### What is expected
Would you repeat the listing below verbatim and drop the images?

### Source data
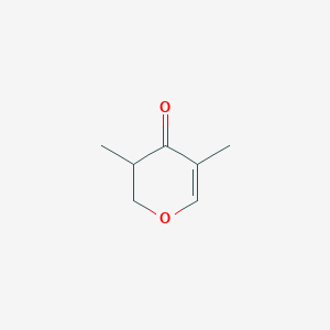 The primary academic insight is the confirmation of the compound's existence, identified as 3,5-dimethyl-3,4-dihydro-2H-pyran-4-one or its isomer 2,3-Dihydro-3,5-dimethyl-4H-pyran-4-one. molaid.com It is listed by chemical suppliers, indicating it is likely synthesized for research or commercial purposes, though the synthetic routes are not published in readily accessible literature. bldpharm.com One source alludes to a reaction involving this compound that results in "a remarkable instance of diastereofacial selectivity," but the context and details of this reaction are not available in the public domain. molaid.com Beyond this, there is no significant body of research progress to summarize for this specific molecule.
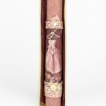 Μια λαμπάδα που αποπνέει αέρινη κομψότητα. Με κεντρικό θέμα ένα ρομαντικό φόρεμα με δαντελένιες λεπτομέρειες και vintage αναφορές, αυτή η χειροποίητη δημιουργία είναι ιδανική για κορίτσια στην εφηβεία ή γυναίκες που εκτιμούν το "parisian chic" στυλ. Η ρομαντική αισθητική και η προσοχή στην υφή των υλικών μετατρέπουν τη λαμπάδα σε ένα μικρό έργο τέχνης. Μια εξαιρετική επιλογή για τον νονό ή τη νονά που θέλει να προσφέρει ένα δώρο με διακριτική πολυτέλεια και έντονο καλλιτεχνικό αποτύπωμα, που ξεχωρίζει για τη χάρη και τη νοσταλγική του διάθεση.
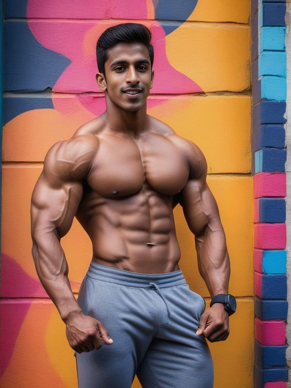 A strong and muscular South Asian young man strikes a powerful pose against a backdrop of colorful street art. The vibrant artwork adds an extra layer of energy and excitement to his already impressive physique. This image captures the beauty of strength and the fusion of art and athleticism.
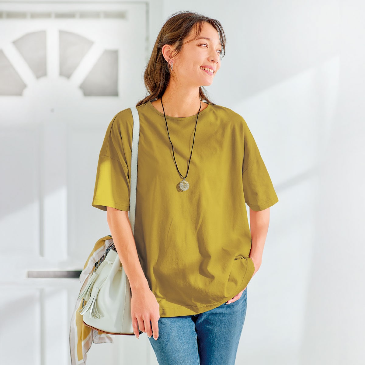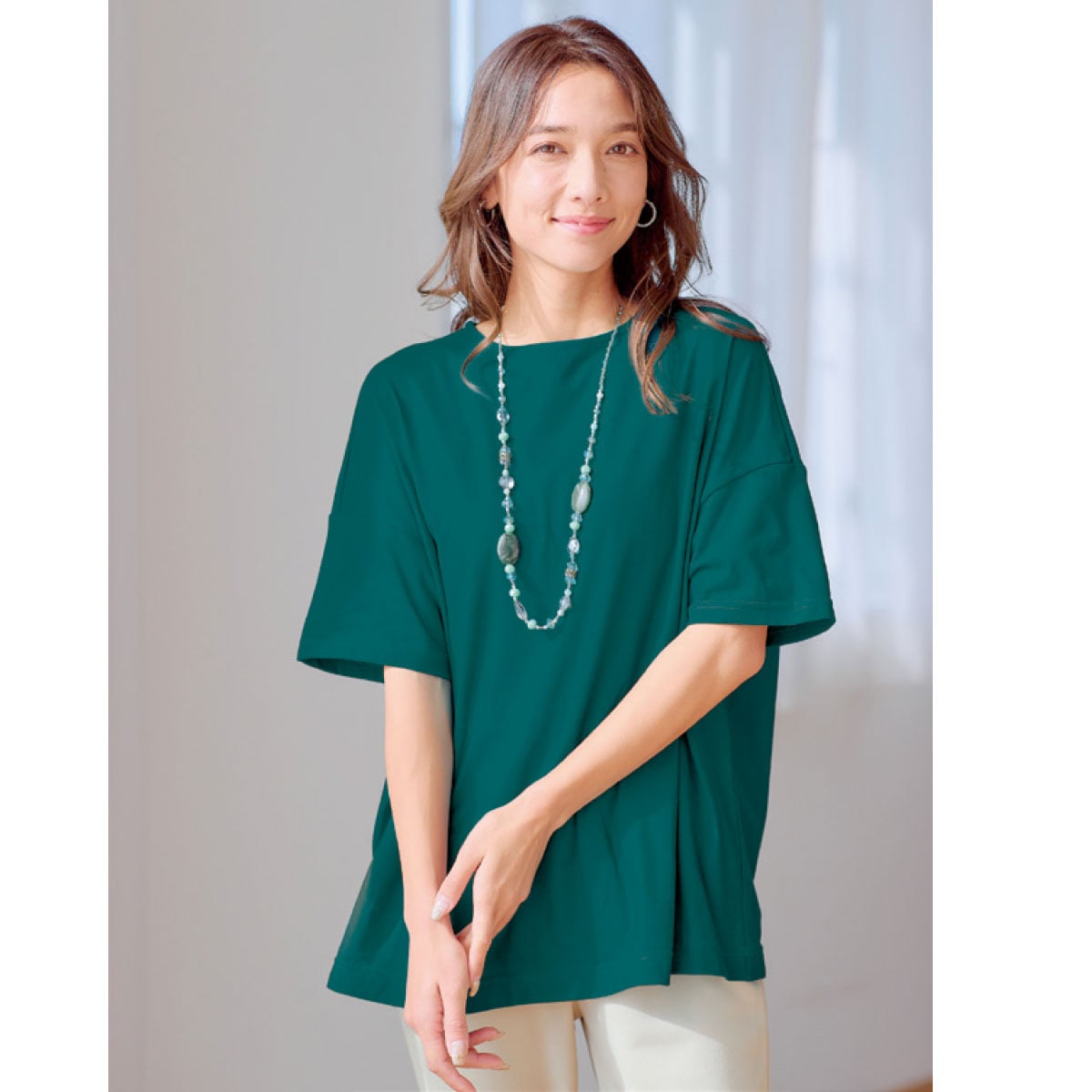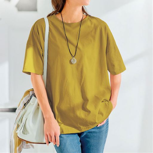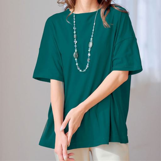 ゆったりした着心地で体型カバー!ー素材特性ー肌触りはさらさらと清涼感があり、UVカット加工で紫外線対策にも!「MULTIEFFECT®」汗染み防止加工で汗染みが目立ちにくい!汗を吸い込み、素早く乾かすことで汗染みを目立ちにくくします。さらりとした肌触りで着た瞬間ひんやりします。【汗染み防止】【吸水速乾】【接触冷感】【UVカット率約98%】

### Answer box
 The primary academic insight is the confirmation of the compound's existence, identified as 3,5-dimethyl-3,4-dihydro-2H-pyran-4-one or its isomer 2,3-Dihydro-3,5-dimethyl-4H-pyran-4-one. molaid.com It is listed by chemical suppliers, indicating it is likely synthesized for research or commercial purposes, though the synthetic routes are not published in readily accessible literature. bldpharm.com One source alludes to a reaction involving this compound that results in "a remarkable instance of diastereofacial selectivity," but the context and details of this reaction are not available in the public domain. molaid.com Beyond this, there is no significant body of research progress to summarize for this specific molecule.
 Μια λαμπάδα που αποπνέει αέρινη κομψότητα. Με κεντρικό θέμα ένα ρομαντικό φόρεμα με δαντελένιες λεπτομέρειες και vintage αναφορές, αυτή η χειροποίητη δημιουργία είναι ιδανική για κορίτσια στην εφηβεία ή γυναίκες που εκτιμούν το "parisian chic" στυλ. Η ρομαντική αισθητική και η προσοχή στην υφή των υλικών μετατρέπουν τη λαμπάδα σε ένα μικρό έργο τέχνης. Μια εξαιρετική επιλογή για τον νονό ή τη νονά που θέλει να προσφέρει ένα δώρο με διακριτική πολυτέλεια και έντονο καλλιτεχνικό αποτύπωμα, που ξεχωρίζει για τη χάρη και τη νοσταλγική του διάθεση.
 A strong and muscular South Asian young man strikes a powerful pose against a backdrop of colorful street art. The vibrant artwork adds an extra layer of energy and excitement to his already impressive physique. This image captures the beauty of strength and the fusion of art and athleticism.
 ゆったりした着心地で体型カバー!ー素材特性ー肌触りはさらさらと清涼感があり、UVカット加工で紫外線対策にも!「MULTIEFFECT®」汗染み防止加工で汗染みが目立ちにくい!汗を吸い込み、素早く乾かすことで汗染みを目立ちにくくします。さらりとした肌触りで着た瞬間ひんやりします。【汗染み防止】【吸水速乾】【接触冷感】【UVカット率約98%】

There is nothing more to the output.